Math 220-1 Single-variable differential calculus: Kursobjekt

Aaron Greicius

Section 12 Derivative: rules

We now examine how the operation of taking the derivative of a function interacts with our basic function operations: e.g., scalar multiplication, addition, multiplication, and quotients. We will make heavy use of the Leibniz notation \(\frac{d}{dx}\text{,}\) which denotes the operation of taking the derivative with respect to \(x\text{.}\) In this context we will either write \(\frac{d}{dx}(f)\text{,}\) where \(f\) is the name of a function, or else \(\frac{d}{dx}(\text{blah})\text{,}\) where blah denotes some expression in \(x\text{.}\) In the latter case, the expression in question is understood to define a function, with the usual implied domain convention. Thus for example \(\frac{d}{dx}(5)\) denotes the derivative of the constant function \(f(x)=5\text{;}\) and \(\frac{d}{dx}(x)\) denotes the derivative of the identity function \(f(x)=x\text{.}\)

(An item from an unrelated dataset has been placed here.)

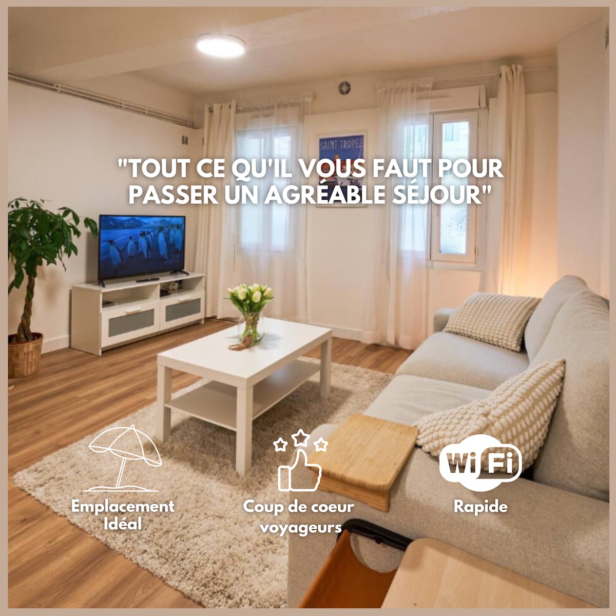 Moderne 3 pièces de 65m2, au calme absolu, vue mer exceptionnelle, wifi ultra rapide, TV UltraHD 110cm Netflix inclus. Vue mer, assis sur canapé, ou allongé sur le lit, idéal famille ou séjour en amoureux. Tout confort, canapé cuir, 3ème étage/4, ascenseur, stationnement gratuit ds la rue. Quartier le + résidentiel à 200m des superbes plages de sable/restaurants, idéal, proche commerces/transports. 5 voyageurs max. Draps/serviettes fournis (réduction possible sans me consulter).

Remark 12.2. Power functions.

Although we state the power function formula for general \(r\in \R\text{,}\) for now we will only make use of it when \(r\) is a rational number: i.e., \(r=\frac{m}{n}\text{,}\) where \(m\) and \(n\) are integers. Indeed, as of yet we have not ever defined what the expression \(x^r\) means for an arbitrary real number \(r\text{.}\) We can make sense of \(x^5\text{,}\) \(x^{-7}\text{,}\) and even \(x^{-3/2}\text{,}\) but what does \(x^\pi\) or \(x^{\sqrt{2}}\) mean? We will have to wait until Math 220-2 to give a precise and general definition.

Example 12.3. Power function formula: radicals.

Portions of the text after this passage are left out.